И вытянулся на кожах, укрывавших дно палатки. Не глядя, цапнул собственный плащ, лежавший под скатом крыши, накинул на плечи. Разрешил:
— Но можешь не торопиться.
После чего заметил, не удержавшись:
— А вообще-то тебе надо быть послушней, Сванхильд. Слушаться, понимаешь?
— Хорошо, — смиренно согласилась она.
Харальд едва заметно улыбнулся. Ну, посмотрим, надолго ли хватит этого смирения…
Он дождался, пока она закончит обкусывать свиное ребро, протянул баклагу с элем.
— Пей.
Сванхильд сделала один глоток и тут же отставила баклагу.
Харальд шевельнул бровями, подумал — так не пойдет. В другое время он бы не настаивал, но после того, что она видела, после краке, после смерти старухи…
Он поднялся, придвинулся к ней. Сказал, глядя в глаза:
— Пей. Тебе это нужно.
И поднес узкое горлышко сосуда к ее губам. Заставил чуть ли не силком сделать несколько больших глотков, заметил:
— Так будет лучше. Заодно и согреешься.
Затем отставил баклагу, притянул ее к себе. Сванхильд забавно моргала, часто дышала…

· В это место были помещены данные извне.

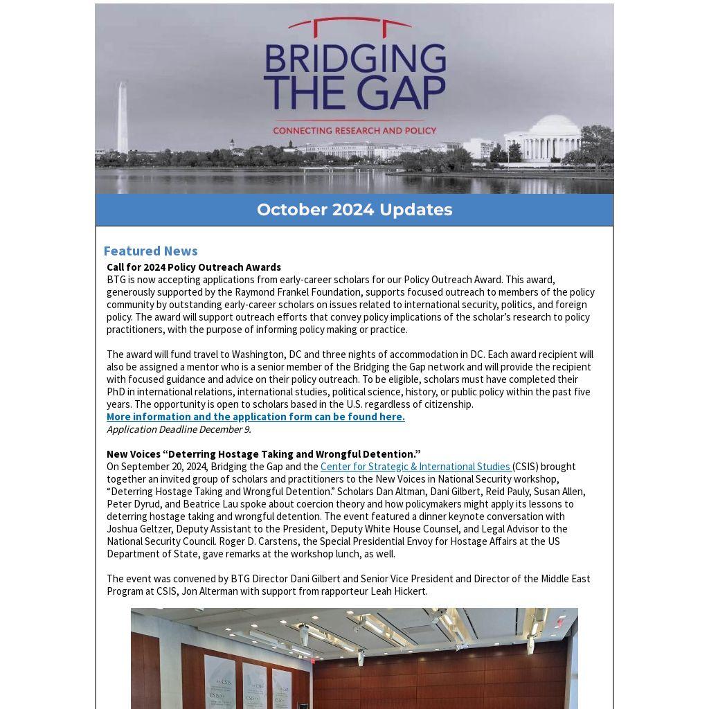 On September 20, 2024, Bridging the Gap and the Center for Strategic & International Studies (CSIS) brought together an invited group of scholars and practitioners to the New Voices in National Security workshop, “Deterring Hostage Taking and Wrongful Detention.” Scholars Dan Altman, Dani Gilbert, Reid Pauly, Susan Allen, Peter Dyrud, and Beatrice Lau spoke about coercion theory and how policymakers might apply its lessons to deterring hostage taking and wrongful detention. The event featured a dinner keynote conversation with Joshua Geltzer, Deputy Assistant to the President, Deputy White House Counsel, and Legal Advisor to the National Security Council. Roger D. Carstens, the Special Presidential Envoy for Hostage Affairs at the US Department of State, gave remarks at the workshop lunch, as well.

Но почему-то увернулась от его губ. Сказала, прижавшись щекой к его плечу:
— Локи — бог. Ермо…
— Ермунгард. — Помог он закончить.
— Ермунгард — бог?
Харальд кивнул. Сванхильд положила ладонь на его грудь, у основания шеи. Вскинула брови, облизнула губы. Он отследил движение ее языка, подумал — захмелела. Интересно, что скажет.
— Харальд — бог?
Он качнул головой.
— Нет, я человек. Мне нравится быть человеком, Сванхильд.
— Это… ночь, корабль, Грит, чу… — тут она сбилась и замолчала.

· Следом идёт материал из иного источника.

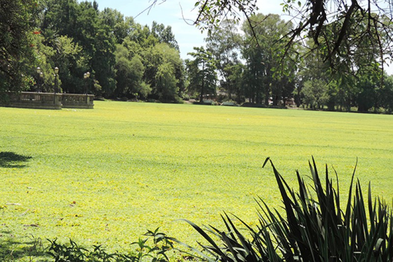El Director General de Espacios Verdes de la Municipalidad de 9 de Julio, Jorge Rumi, junto al subsecretario de Urbanismo, Arq. Walter Fons, anunciaron  ayer ante los medios de prensa importantes novedades en torno a las obras previstas por el Gobierno Municipal para sanear la situación del espejo de agua del Parque General San Martín, que como es de dominio público se ha visto cubierto en su totalidad por especies vegetales.

Харальд опять завершил за нее:
— Чудовище. Краке.
Девчонка вдруг двинулась, уткнулась лицом ему в плечо. Пробормотала, не глядя на него:
— Зачем, Харальд? Краке, Грит, рабыни — зачем? Из-за я?
В голосе звучала тоска.
Винит себя, подумал Харальд. И сказал, помолчав:
— Нет. Из-за меня.
— Зачем?
Он со вздохом запустил пальцы в ее волосы, все еще влажные после мытья. Вдохнул запах, который от нее исходил — холодной свежести и теплой женской кожи.
Подумал — вот и попробуй объяснить ей все, когда она даже говорить толком не может. Но сказать правду необходимо.
Иначе она и дальше будет винить во всем себя. И неизвестно, куда зайдет в своих рассуждениях.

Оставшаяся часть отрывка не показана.